There are also vet shops. Just bark a few times and pretend to wag your tail.
Even better. (I don’t know. Actually, I don’t think that’s true. If it is, it’d happen all the time, wouldn’t it?)
I'm serious about being a conscientious objector when it comes to paying taxes that will go for abortions. That is a lawyer-ready issue. No one can be forced to participate in the taking of life if it violates their faith and conscience. Legal definitions of 'personhood' don't even enter into that.
Everything about this bill is un-Constitutional and un-American. It is statist, fascist and communist in nature from beginning to end. If it passes and is accepted as “the way it is” it will change the way rights are perceived by the courts and by the people from individual rights to collective rights. If anyone thinks that sea change in the nature of jurisprudence can or will be contained and limited to matters of health care they are delusional.
Mussolini coined the term 'fascism' to describe that.
If you read the liberal columnists, they are all calling for the reduction in population. Shortening life spans will do that. Less CO2 being emitted by people will help their BS Global Warming agenda.
I went to the Senate today. I wanted some answers to my questions
about the health care bill.
I didn’t find any senator in their office in the Dirksen, Russell
or Hart building.
I had to drive after shoveling out my car and 12-14” inch snow.
no metro service from College Park, MD.
I was in the gallery for over an hour.
I heard the great Senator Coburn’s speech.
Baucus and Reid are a disgrace to the Senate.
They won’t accept any amendments the Republicans offer.
Baucus objected and said it was a “stunt.” to drop the insurance penalty,
and other pertinent issues.
Coburn rightly said debate is not a stunt.
Senator McConnell was in his chair, listening to Senator Coburn.
These Democrats are ruling like a duma. (sic).
on the building it says “The Senate is the living symbol
of our union of states”
Not the union of states, not just Nebraska, our union of states.
not my side of the aisle of states. our. our minority side of states.
Each state gets 2 Senators.
Between your shoveling of snow and the Senate shoveling of bullshit, my guess is, you had the more productive day.
This must be ruled unconsitutional, it is our only hope. Otherwise, it will be war.
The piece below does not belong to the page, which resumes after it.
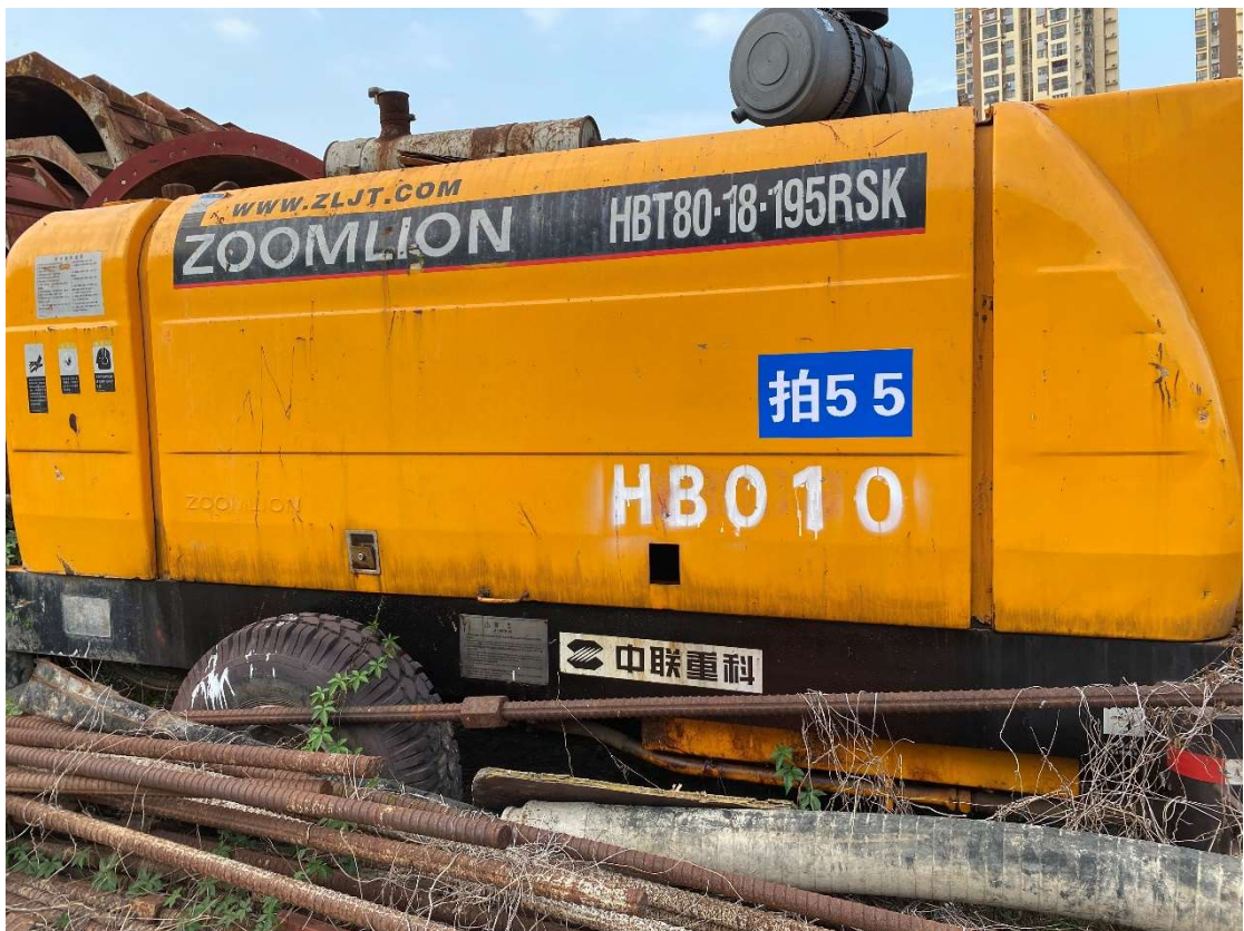
拍卖标的号为：31#（图片：拍 55#） 存放地点：南宁市高峰基地

The "death panel" concept is spelled out in the manager's amendment. Ironic that CNN just gave their "biggest lie of the year" award to Sarah Palin for her comment about "death panels."
Manager’s amendment/rationing intensified
** the Board is to specify how to cut Medicare payments by either the difference from the target or half a percent, whichever is less.**
The panels strike again!
There it is, plain as day.
Dick Morris was right.
Doctor-Patient Relationship, we hardly knew ye.
payback is gonna be a bitch Harry. Remember that when we’re undoing all of this in a few years.
Thanks potlatch -
I am not the best in digging out this stuff
I shall email forward these links out and the link to this FR thread
I search Google endlessly. It’s just a ‘mindless’ thing with me. Glad you can use it.